Mentari menyinari begitu terik, saat Kevin kembali mengenang kejadian tempo hari, saat ia ditemani oleh Lyan mengantarkan Risa pulang ke rumahnya.
Risa menghentikan sepeda motor yang ia kendarai tepat di sebuah rumah yang halamannya ditumbuhi oleh pepohonan hijau dan rimbunnya tanaman hias. Ia kemudian turun dari motor itu, menunggu Lyan dan Kevin yang baru saja berhenti tepat di samping sepeda motor yang ia kendarai.
"Di rumah kamu ada siapa aja?" tanya Lyan, setelah melepas helmnya, dan turun dari sepeda motor.
"Kayaknya ada semua di rumah, bang.

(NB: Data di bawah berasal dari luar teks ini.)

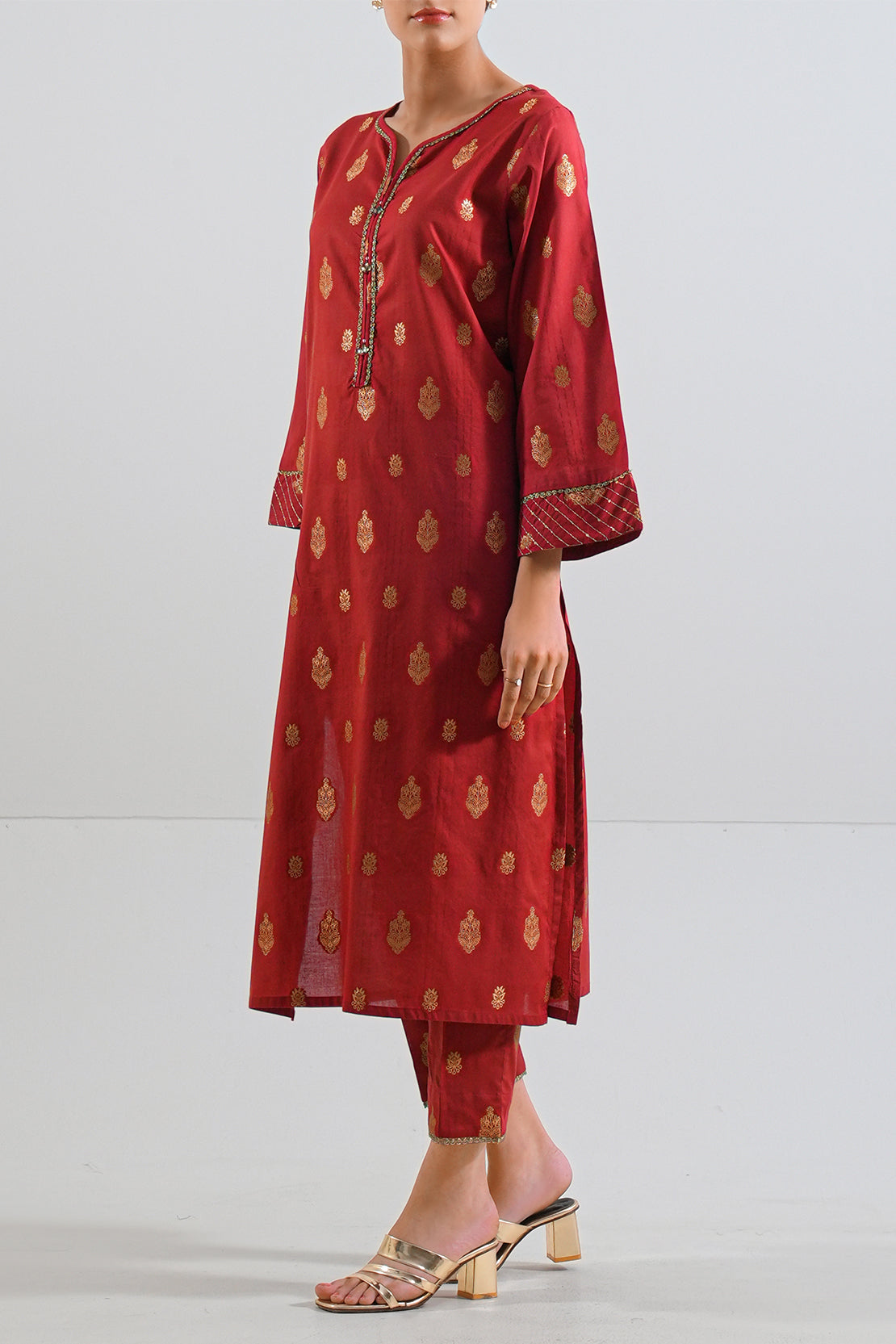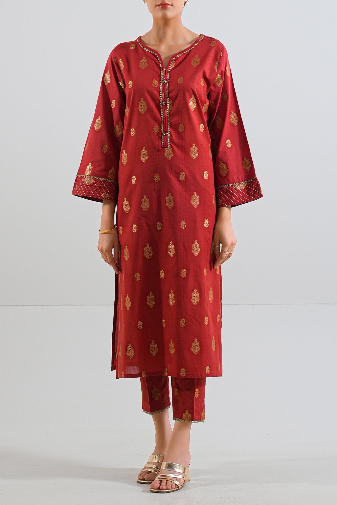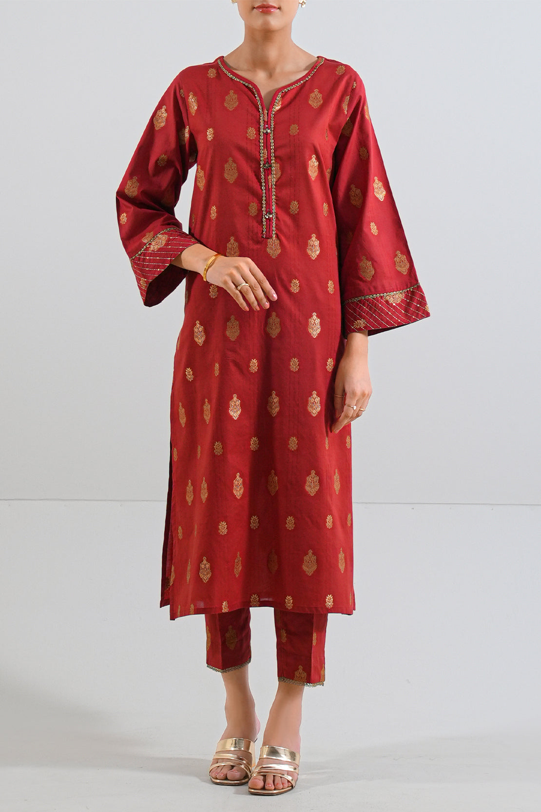 Embroidered Cotton Jacquard Stitched 2 Piece (Shirt/Trouser)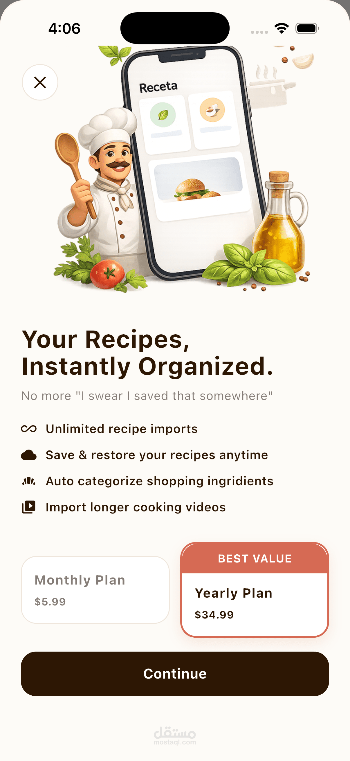 يتضمن التطبيق أيضًا نموذج اشتراك بسيط حيث يمكن للمستخدمين تجربة التطبيق مجانًا مع عدد محدود من الوصفات، بينما يتيح الاشتراك المدفوع إمكانية استيراد وحفظ عدد غير محدود من الوصفات.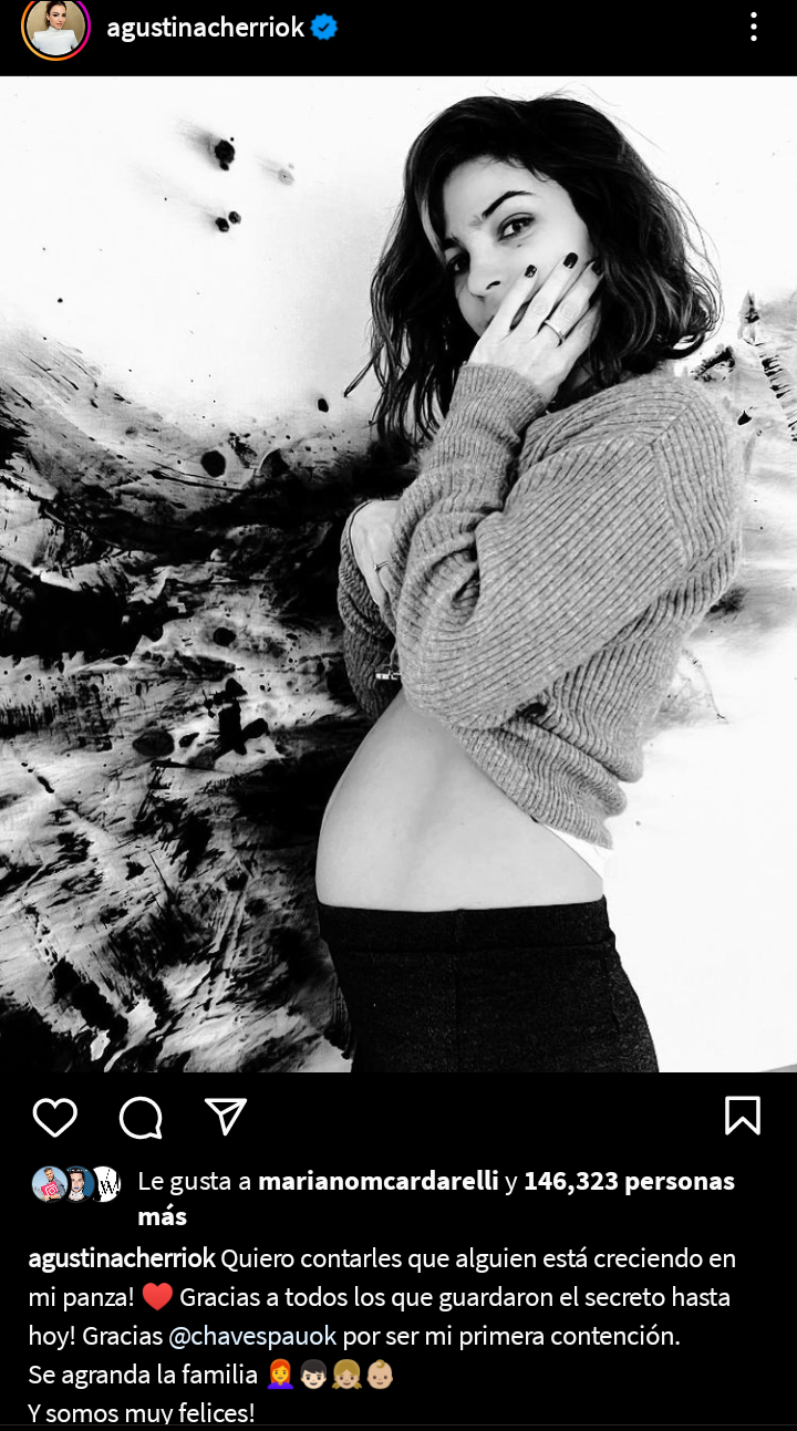 Agustina Cherri anunció a través de su Instagram la noticia de que esta embarazada.

Bapak, ibu sama kakak aku. Mari masuk dulu, bang, Vin." Risa kemudian masuk terlebih dahulu ke dalam rumah setelah terlebih dahulu melepas sepatu dan mengucapkan salam.
"Assalamualaikum." Lyan mengikuti langkah Risa, namun ia dan Kevin berhenti tepat di depan pintu, merasa belum di izinkan masuk.
"Kita nggak apa-apa dateng jam segini, bang?" tanya Kevin, yang memang terlihat gusar.
"Ya nggak apa-apa lah, Vin. Kan emang baru selesai acaranya." Lyan kemudian menepuk bahu Kevin, berusaha menenangkannya. "Udah, tenang aja."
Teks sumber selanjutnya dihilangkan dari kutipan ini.